Missing the Future
A famed designer’s predictions fail the test of time.
By Henry Petroski
This year marks the 75th anniversary of Magic Motorways, a book that presented America’s superhighways as they were envisioned to be in 1960. The book grew out of the General Motors Futurama exhibit at the 1939 New York World’s Fair. Both exhibit and book were the work of Norman Bel Geddes, who had achieved renown as a theatrical set designer before becoming one of America’s early industrial designers.
After waiting in long lines to enter the GM building at the fair, visitors were seated in large, comfortable chairs that carried them around the periphery, from which they looked down on an expansive model of a future American landscape. It was like an enormous model-train layout but with a focus on highways.
Among the things Bel Geddes saw 20 years hence were elevated roadways, some carrying traffic across wide lakes or the crests of dams. This was actually not a new concept; construction of New York City’s elevated West Side Highway had begun in 1929. By the 1960s it would be a glaring example of neglected infrastructure. When cars and trucks fell through its rusted roadway onto the street below, it began to be dismantled.
Boston’s elevated Central Artery became such an eyesore and bottleneck that it was replaced by an overbudget, overschedule, and scandal-ridden Big Dig project that put traffic under the city’s streets. Seattle is in the process of replacing a section of its elevated Alaskan Way with a tunnel (See “Engineering Blockbuster” in First Look). Unfortunately, after striking a buried steel pipe, the gigantic tunnel boring machine burned out its main bearings and is awaiting rescue and repair.
In Bel Geddes’s wide-open countryside, automobiles were expected to cruise along at 100 mph. However, the magic motorways known as interstates were geometrically designed for a top speed of about 85. I do remember in the 1960s driving along highways in Texas with an 80-mph speed limit, but our Volkswagen Beetle could only exceed that on the downhill. In the wake of the oil crises of the 1970s, the national speed limit became an energy-conserving 55. Among the predictions in Magic Motorways was that in 1960 it would be possible to drive coast to coast in a couple of days.
Bel Geddes’s buildings of the future were largely variations of the art deco style of the 1930s. He completely missed the rectangular steel-and-glass skyscrapers that began to appear in the late 1950s. As for automobile design, by 1960 the craze was not the streamlining he championed but tail fins evoking rockets that launched satellites and weapons.
As Yogi Berra once famously said, “It’s tough to make predictions, especially about the future.” Steeped in current trends as the industrial designer Bel Geddes must have been, he was not able to see 20 years ahead.

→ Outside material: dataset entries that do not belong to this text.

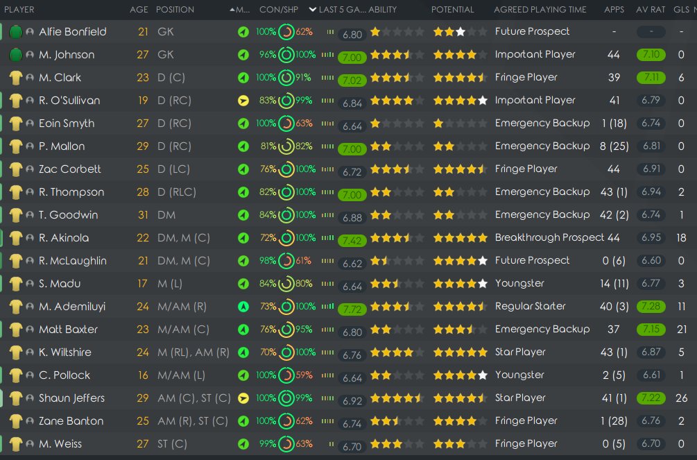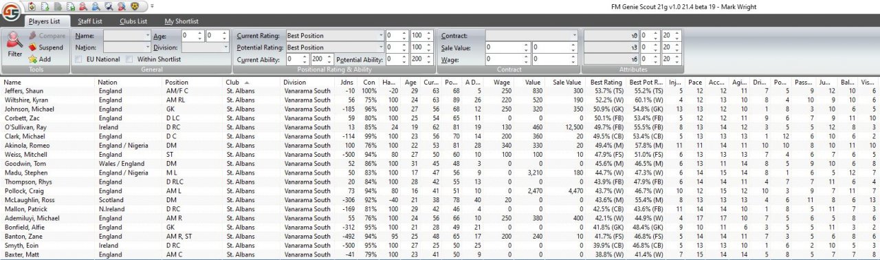 So there it is. Next step is to use my current test save, cull all the players that don’t meet the criteria above in terms of attribute value, buy in cheap players that do, so we have a squad of 20 ie one reserve for each position. I will post results when I get a chance to set that up.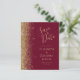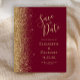 A borda esquerda deste elegante casamento moderno salve o cartão de data apresenta uma borda falsa dourada. O texto personalizável combina manuscrito pálido e dourado, fontes copperplate e itálico em um fundo vermelho burgundy. O lado inverso apresenta um burgundy e um design de ouro correspondentes.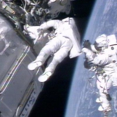 In December 1998, NASA astronaut Bob Cabana and Russian cosmonaut Sergei Krikalev were the first on board the International Space Station, after the first two modules - Zarya and Unity - were joined together in orbit. PHOTO: AP / NASA TV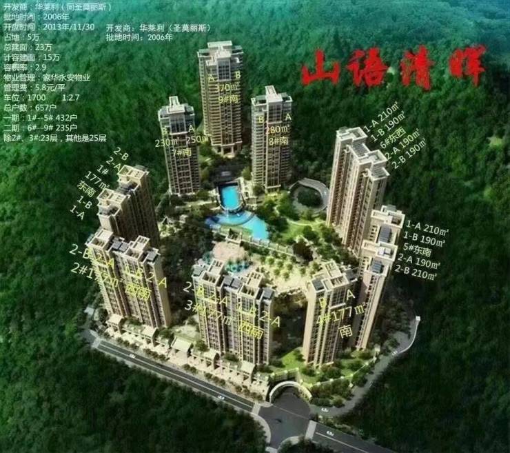 山语清晖位于香蜜湖半山区,在福龙路西侧、北环大道北侧。拥有5万平米占地,总建面24.5万平米,计容建面约15万平米。山语清晖项目分两期开发,规划有9栋高层,主要有170-370平米奢华景观大宅及顶层复式组成。三面环山,社区内近5000平方米三层集中式会所活动空间及2000平方米的商业,片区内有市政规划的学校和幼儿园等基础配套。

Designers of all kinds can use a pencil to sketch with pictures and words an imaginative portrait of the future that talented model builders can render in dramatic three-dimensional arrangements to be viewed by millions of people at a world’s fair or similar venue. But as convincing as such utopian predictions might be at the moment, they rarely stand the test of time.
Today’s future is tomorrow’s past, and what once looked inspired can over the years reveal itself to have been conceptually flawed, poorly executed, and all too fragile. And engineers are not immune to becoming overly optimistic about projects that promise to be the things of the future. After all, the Titanic was the future of ocean travel, and the Tacoma Narrows Bridge the future of suspension bridges.
Engineering is by its very nature about designing the future, but it does so most successfully when it proceeds cautiously, learning along the way from the missteps small and large that inevitably occur.
Henry Petroski is the Aleksandar S. Vesic Professor of Civil Engineering and a professor of history at Duke. His most recent book is The House With Sixteen Handmade Doors: A Tale of Architectural Choice and Craftsmanship.